| Exercise |
Print every line from the start of the data, and when you reach the line with "Selon Le Petit", include it and stop. Pictures are not part of the copy.

*** Begin section ***

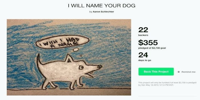 Aaron Schlechter decided he wanted to help people name their dogs (something he claimed he's excellent at), so he started a Kickstarter campaign. His funding goal was $3,700.
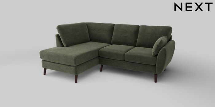 6.12.1 Buy Wilson Medium Corner Chaise - Left Hand Luxe Chenille Mid Green Retro Tapered - Dark Brown from the Next UK online shop Click here to use our accessible website
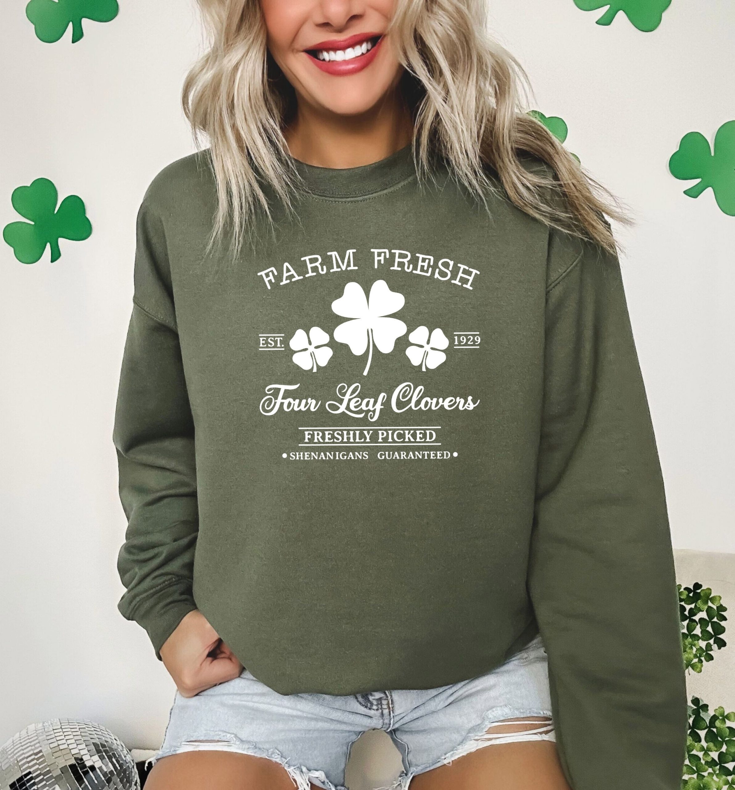 Farm Fresh Four Leaf Clovers Sweatshirt, St Patricks Day Sweater, Shamrock Tee, Saint Patrick’s Day Gift, Irish Tshirt, Lucky Sweatshirt
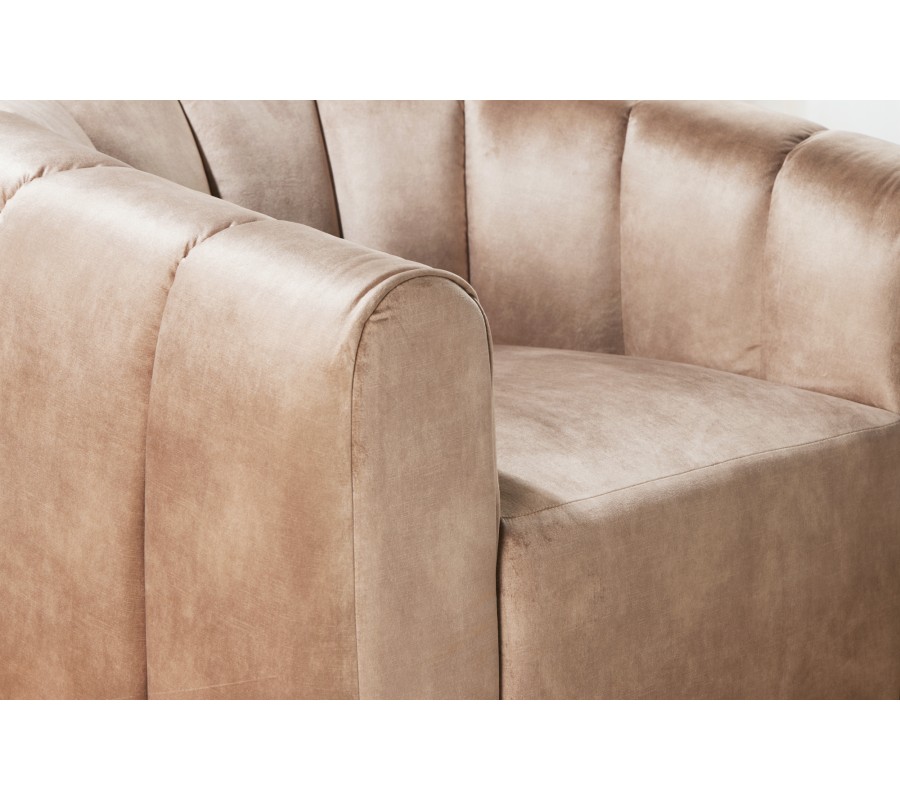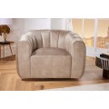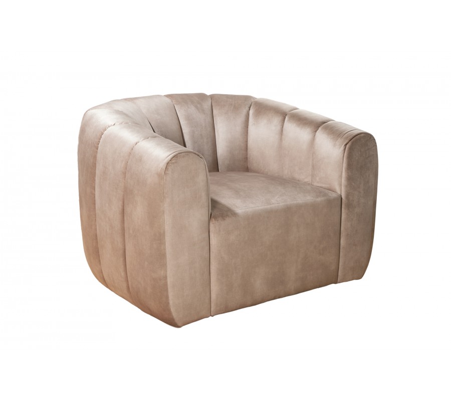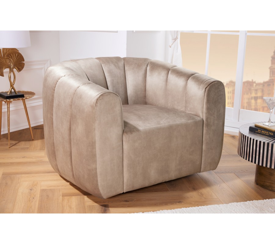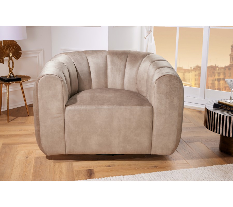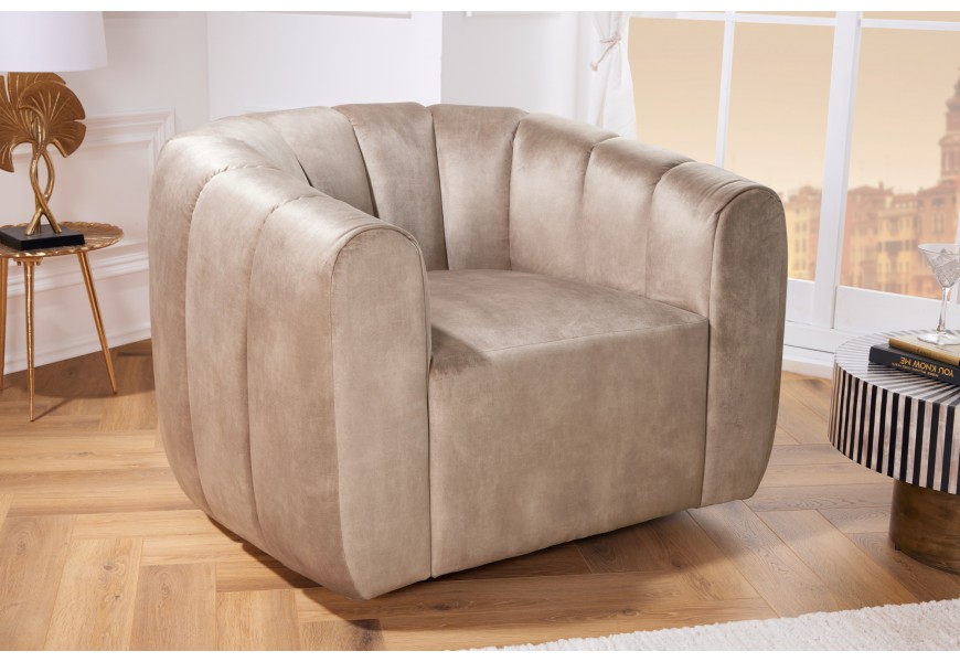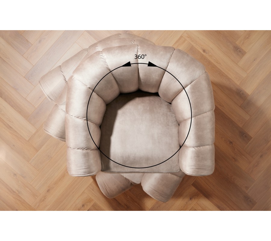 Moderné čalúnené kreslo Alis v zlato béžovej farbe s prešívaním na zamatovom poťahu a otočnou nohou 100 cm
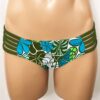 Tabbi Surf Bottom Monarch Print, Color: Olive. “Tabbi” Surf Bottom – 5 elastic hip straps on each hip keep this bikini bottom in place surfing and swimming. It is made to be snug for water activity such as Body Surfing. It’s brazil cut, kind of skimpy, but not super skimpy. We recommend to go UP a size or two if you don’t wear it for surfing or body surfing.
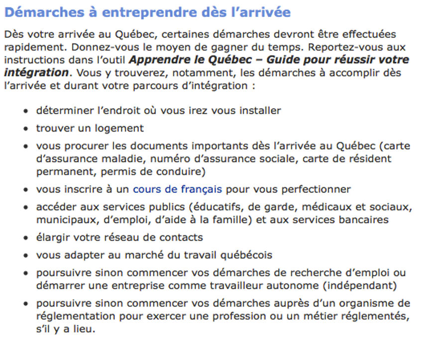 Selon Le Petit Robert 2014, le mot intégration signifie : « Opération par laquelle un individu ou un groupe s’incorpore à une collectivité, à un milieu (opposé à ségrégation). » Il est beau dire qu’il faut s’intégrer, mais comment faire lorsqu’on ne connaît personne ou qu’on ne parle même pas la langue du pays ? Le ministère de l’Immigration, de la Francisation et de l’Inclusion (MIFI) incite les immigrants à s’intégrer dès leur arrivée. Sur leur site Internet : http://www.immigration-quebec.gouv.qc.ca/fr/immigrer-installer/travailleurs-permanents/integration/, on propose les démarches suivantes :
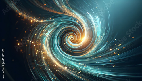 © Journey, Naklejka premium Aqua-Gold motion swirl. Generative AI
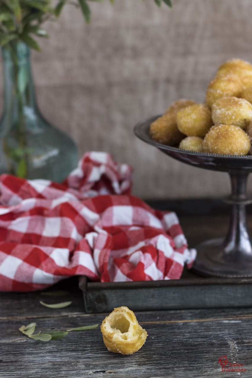 Pasado este tiempo ponemos una sartén mediana con abundante aceite y cuando esté caliente vamos haciendo bolitas pequeñas con la masa y añadiendo a la sartén, dejando espacio entre ellas porque crecen bastante en la sartén. Una vez que estén doradas sacamos y dejamos escurrir el exceso de aceite sobre papel absorbente.
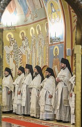 За Литургией молились участники заседания монашеского направления XXXII Международных Рождественских образовательных чтений ‒ игумены и игумении, насельники монастырей.
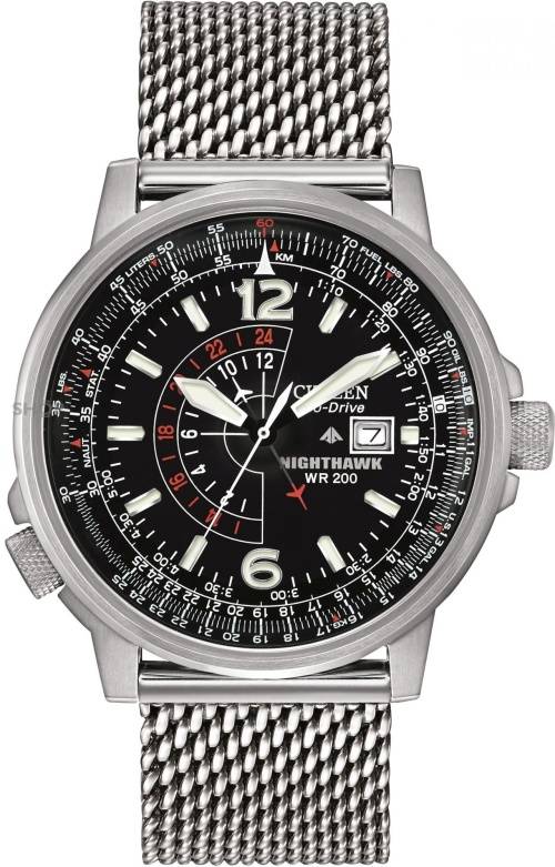 AUTHENTIC CITIZEN ECO-DRIVE NIGHTHAWK PILOT STAINLESS STEEL MESH BAND MENS WATCH
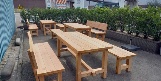 Voor een zakelijke klant uit Utrecht waarvan wij ook het tuinonderhoud uitvoeren, een verzoek ontvangen voor het leveren en plaatsen van drie picknicksets. Van douglas onbehandeld hout, bank Jasper met en zonder leuning en tafel Tiemen.
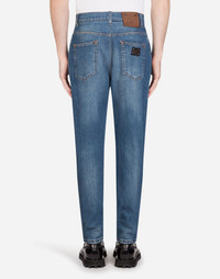 The iconic slim and skinny jeans models feature the new denim with sophisticated cuts and volumes, rewriting the concept of comfort and modernity. High waisted jeans in stretch medium washed blue denim with whiskering: • Regular fit • Button closure and hidden zip • Western pockets • Metallic Dolce&Gabbana logo plaque on the back and new leather label • The crotch measures 29 cm - 11.4 inches from the centre back of the belt and the bottom is 16 cm - 6.3 inches wide on a size 48 IT • The piece measures 105 cm - 41.3 inches from along the side on a size 48 IT • The model is 185 cm - 72.8 inches tall and wears a size 48 IT • Made in Italy Care And Details Composition: 98% Cotton 2% Elastane
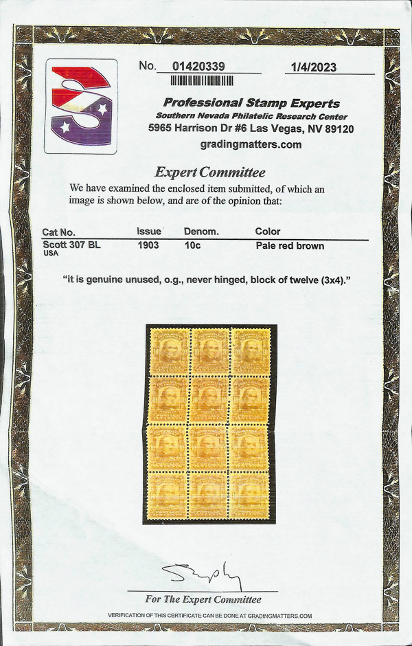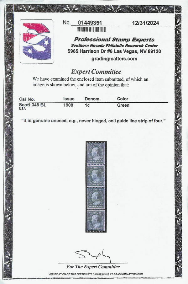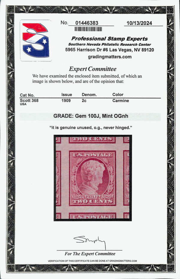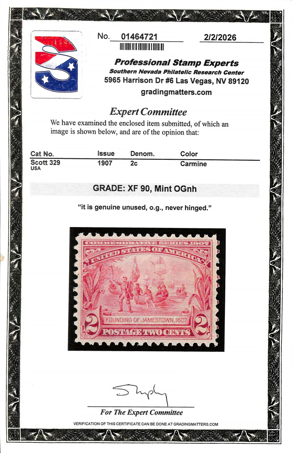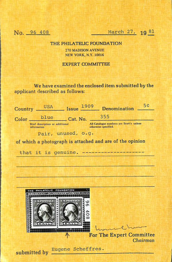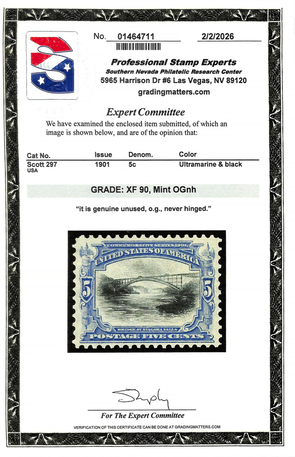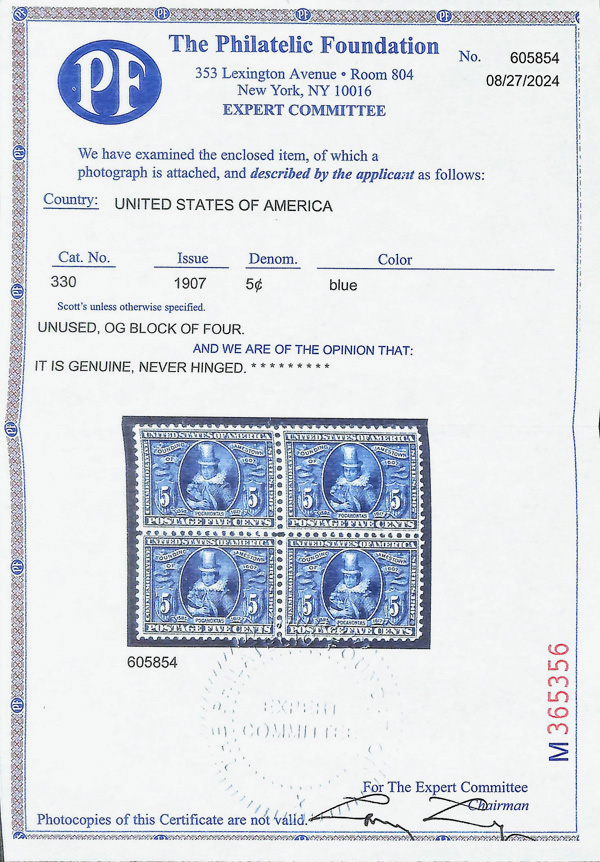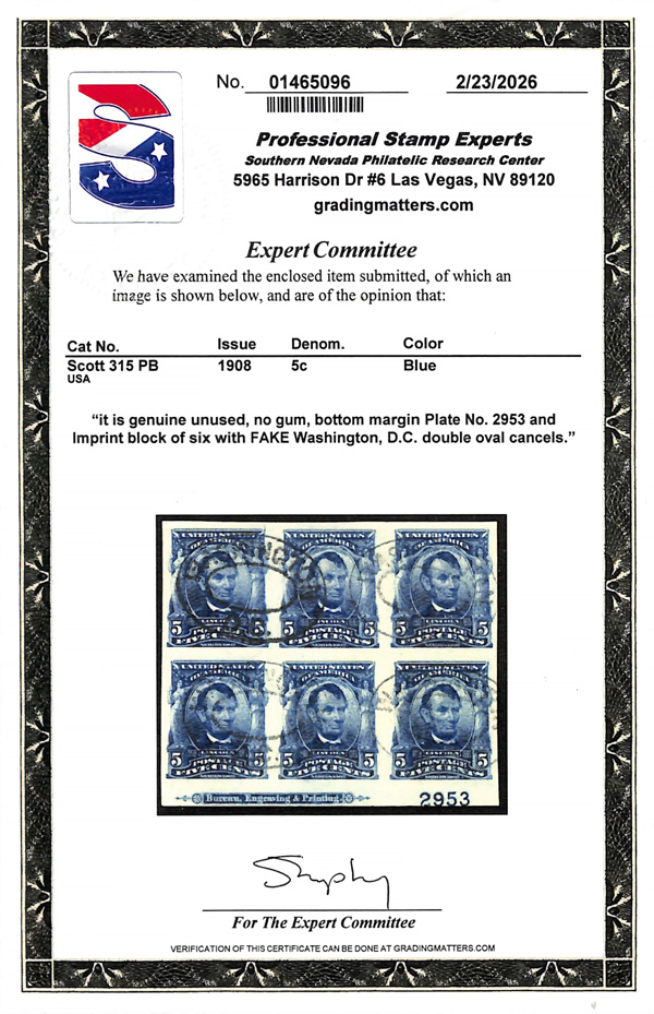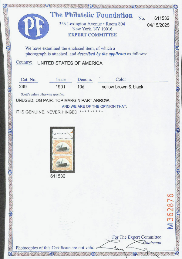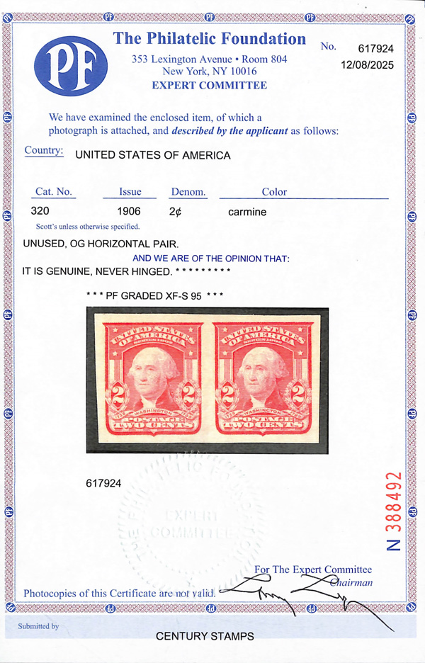 large, balanced margins, Extremely Fine to Superb, a pretty item, with 2025 P.F. certificate graded XF-SUP 95. SMQ XF-SUP 95; $250. Scott Stamp Values $135 as singles. (Image) (Image2)
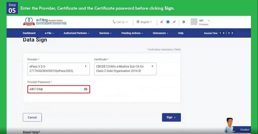 After providing all the above details you need to click on Sign and you will receive a popup that DSC has been registered successfully.

*** End section ***

| Response box |
 Aaron Schlechter decided he wanted to help people name their dogs (something he claimed he's excellent at), so he started a Kickstarter campaign. His funding goal was $3,700.
 6.12.1 Buy Wilson Medium Corner Chaise - Left Hand Luxe Chenille Mid Green Retro Tapered - Dark Brown from the Next UK online shop Click here to use our accessible website
 Farm Fresh Four Leaf Clovers Sweatshirt, St Patricks Day Sweater, Shamrock Tee, Saint Patrick’s Day Gift, Irish Tshirt, Lucky Sweatshirt
 Moderné čalúnené kreslo Alis v zlato béžovej farbe s prešívaním na zamatovom poťahu a otočnou nohou 100 cm
 Tabbi Surf Bottom Monarch Print, Color: Olive. “Tabbi” Surf Bottom – 5 elastic hip straps on each hip keep this bikini bottom in place surfing and swimming. It is made to be snug for water activity such as Body Surfing. It’s brazil cut, kind of skimpy, but not super skimpy. We recommend to go UP a size or two if you don’t wear it for surfing or body surfing.
 Selon Le Petit Robert 2014, le mot intégration signifie : « Opération par laquelle un individu ou un groupe s’incorpore à une collectivité, à un milieu (opposé à ségrégation). » Il est beau dire qu’il faut s’intégrer, mais comment faire lorsqu’on ne connaît personne ou qu’on ne parle même pas la langue du pays ? Le ministère de l’Immigration, de la Francisation et de l’Inclusion (MIFI) incite les immigrants à s’intégrer dès leur arrivée. Sur leur site Internet : http://www.immigration-quebec.gouv.qc.ca/fr/immigrer-installer/travailleurs-permanents/integration/, on propose les démarches suivantes :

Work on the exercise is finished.